■ ACTIVITY: Start to finish, repeat the records exactly.
(DATASET RECORDS)
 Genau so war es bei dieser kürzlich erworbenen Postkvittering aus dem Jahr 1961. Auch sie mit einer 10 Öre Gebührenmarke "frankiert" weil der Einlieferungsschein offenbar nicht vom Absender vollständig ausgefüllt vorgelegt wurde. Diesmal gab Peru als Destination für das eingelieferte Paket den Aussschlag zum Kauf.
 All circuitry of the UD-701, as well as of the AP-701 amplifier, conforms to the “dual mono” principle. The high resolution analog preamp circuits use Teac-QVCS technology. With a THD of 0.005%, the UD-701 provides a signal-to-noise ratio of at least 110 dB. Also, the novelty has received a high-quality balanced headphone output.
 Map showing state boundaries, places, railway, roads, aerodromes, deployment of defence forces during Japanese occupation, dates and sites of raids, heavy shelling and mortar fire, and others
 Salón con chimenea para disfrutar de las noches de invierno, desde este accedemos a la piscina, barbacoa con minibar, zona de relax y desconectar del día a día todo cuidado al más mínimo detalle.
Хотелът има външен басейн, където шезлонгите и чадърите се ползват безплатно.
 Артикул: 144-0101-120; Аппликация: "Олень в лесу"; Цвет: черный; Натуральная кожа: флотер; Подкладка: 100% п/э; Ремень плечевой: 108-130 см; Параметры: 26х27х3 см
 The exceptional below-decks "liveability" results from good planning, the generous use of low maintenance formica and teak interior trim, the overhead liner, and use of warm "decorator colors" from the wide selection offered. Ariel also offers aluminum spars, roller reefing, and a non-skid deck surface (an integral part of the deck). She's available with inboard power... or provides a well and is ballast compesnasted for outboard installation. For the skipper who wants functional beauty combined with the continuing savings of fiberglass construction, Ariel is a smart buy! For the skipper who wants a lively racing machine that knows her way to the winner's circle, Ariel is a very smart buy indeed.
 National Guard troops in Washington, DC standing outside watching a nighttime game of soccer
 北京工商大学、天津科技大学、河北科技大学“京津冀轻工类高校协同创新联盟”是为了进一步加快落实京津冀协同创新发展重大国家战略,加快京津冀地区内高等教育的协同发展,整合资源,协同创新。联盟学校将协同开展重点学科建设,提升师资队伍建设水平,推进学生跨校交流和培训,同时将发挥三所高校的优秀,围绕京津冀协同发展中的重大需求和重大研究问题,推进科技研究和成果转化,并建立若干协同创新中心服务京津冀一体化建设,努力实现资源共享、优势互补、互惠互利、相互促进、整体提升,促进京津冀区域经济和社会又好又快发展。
(End DATASET RECORDS)
■ SOLUTION TO THIS PROBLEM:
 Genau so war es bei dieser kürzlich erworbenen Postkvittering aus dem Jahr 1961. Auch sie mit einer 10 Öre Gebührenmarke "frankiert" weil der Einlieferungsschein offenbar nicht vom Absender vollständig ausgefüllt vorgelegt wurde. Diesmal gab Peru als Destination für das eingelieferte Paket den Aussschlag zum Kauf.
 All circuitry of the UD-701, as well as of the AP-701 amplifier, conforms to the “dual mono” principle. The high resolution analog preamp circuits use Teac-QVCS technology. With a THD of 0.005%, the UD-701 provides a signal-to-noise ratio of at least 110 dB. Also, the novelty has received a high-quality balanced headphone output.
 Map showing state boundaries, places, railway, roads, aerodromes, deployment of defence forces during Japanese occupation, dates and sites of raids, heavy shelling and mortar fire, and others
 Salón con chimenea para disfrutar de las noches de invierno, desde este accedemos a la piscina, barbacoa con minibar, zona de relax y desconectar del día a día todo cuidado al más mínimo detalle.
Хотелът има външен басейн, където шезлонгите и чадърите се ползват безплатно.
 Артикул: 144-0101-120; Аппликация: "Олень в лесу"; Цвет: черный; Натуральная кожа: флотер; Подкладка: 100% п/э; Ремень плечевой: 108-130 см; Параметры: 26х27х3 см
 The exceptional below-decks "liveability" results from good planning, the generous use of low maintenance formica and teak interior trim, the overhead liner, and use of warm "decorator colors" from the wide selection offered. Ariel also offers aluminum spars, roller reefing, and a non-skid deck surface (an integral part of the deck). She's available with inboard power... or provides a well and is ballast compesnasted for outboard installation. For the skipper who wants functional beauty combined with the continuing savings of fiberglass construction, Ariel is a smart buy! For the skipper who wants a lively racing machine that knows her way to the winner's circle, Ariel is a very smart buy indeed.
 National Guard troops in Washington, DC standing outside watching a nighttime game of soccer
 北京工商大学、天津科技大学、河北科技大学“京津冀轻工类高校协同创新联盟”是为了进一步加快落实京津冀协同创新发展重大国家战略,加快京津冀地区内高等教育的协同发展,整合资源,协同创新。联盟学校将协同开展重点学科建设,提升师资队伍建设水平,推进学生跨校交流和培训,同时将发挥三所高校的优秀,围绕京津冀协同发展中的重大需求和重大研究问题,推进科技研究和成果转化,并建立若干协同创新中心服务京津冀一体化建设,努力实现资源共享、优势互补、互惠互利、相互促进、整体提升,促进京津冀区域经济和社会又好又快发展。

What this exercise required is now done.